So far I've had some success using this formula:
CALCULATE(LASTNONBLANK(Changelog[ChangeValue];Changelog[ChangeValue]);FILTER(ALL(CALENDAR);CALENDAR[ID]<=MAX(CALENDAR[ID])))
But it's pretty slow (filter on Calendar table for each date takes time I suspect), and it does not utilize ChangeID to identify the latest change (instead I get the largest ChangeValue).
Is there any way to enforce sorting according to ChangeID? Or a better way to construct the data?
Solved! Go to Solution.
Another day of tinkering and lot's of Google-fu, and I've come up with a much more workable solution.
As mentioned in my previous post, using calculate together with ALL(calendar) creates a pretty hefty workload for each date that is to be calculated.
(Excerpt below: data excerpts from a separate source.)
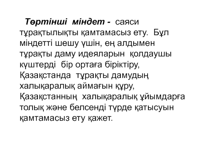 Слайд 14 Төртінші міндет - саяси тұрақтылықты қамтамасыз ету.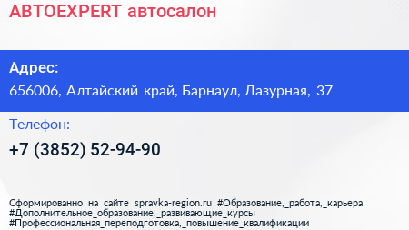 АВТОEXPERT, автосалон по адресу 656006, Алтайский край, Барнаул, Лазурная, 37 в дальнейшем Организация, размещена в следующих категориях: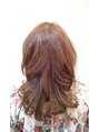 フロントにローライトを入れてメリハリをつけて、全体はベージュ系のライトレベルで染めました。 彼女の可愛らしさを引き出すために、毛先をランダムに巻いてふんわり愛らしいスウィートなスタイルにしました。

The solution to this was to replace the FILTER function with CROSSFILTER to work around relationship based filtering. The final Measure I came up with was this:
Lookup Measure = VAR MaxDate = MAX(CALENDAR[ID]) RETURN CALCULATE( LOOKUPVALUE( Changelog[VALUE]; Changelog[ID]; MAX(Changelog[ID] ); Changelog[Datekey]<=MaxDate; CROSSFILTER(Calendar[ID];Changelog[Datekey];None) )
The second problem was aggregation over multiple items as the[Lookup Measure] needs to be evaluated for each item and then summed to get the correct sum. This was pretty tricky, but I managed to get an aggregation measure working by using the GROUPBY() function:
Aggregation Measure = CALCULATE( SUMX( GROUPBY( ADDCOLUMNS( GROUPBY( Changelog; Changelog[ItemKey] ); "LATEST VALUE"; [Lookup Measure] ); Changelog[ItemKey]; "SUBGROUP SUM"; SUMX(CURRENTGROUP();[LATEST VALUE]) ); [SUBGROUP SUM] ); CROSSFILTER(CALENDAR[ID];Changelog[DateKey];None) )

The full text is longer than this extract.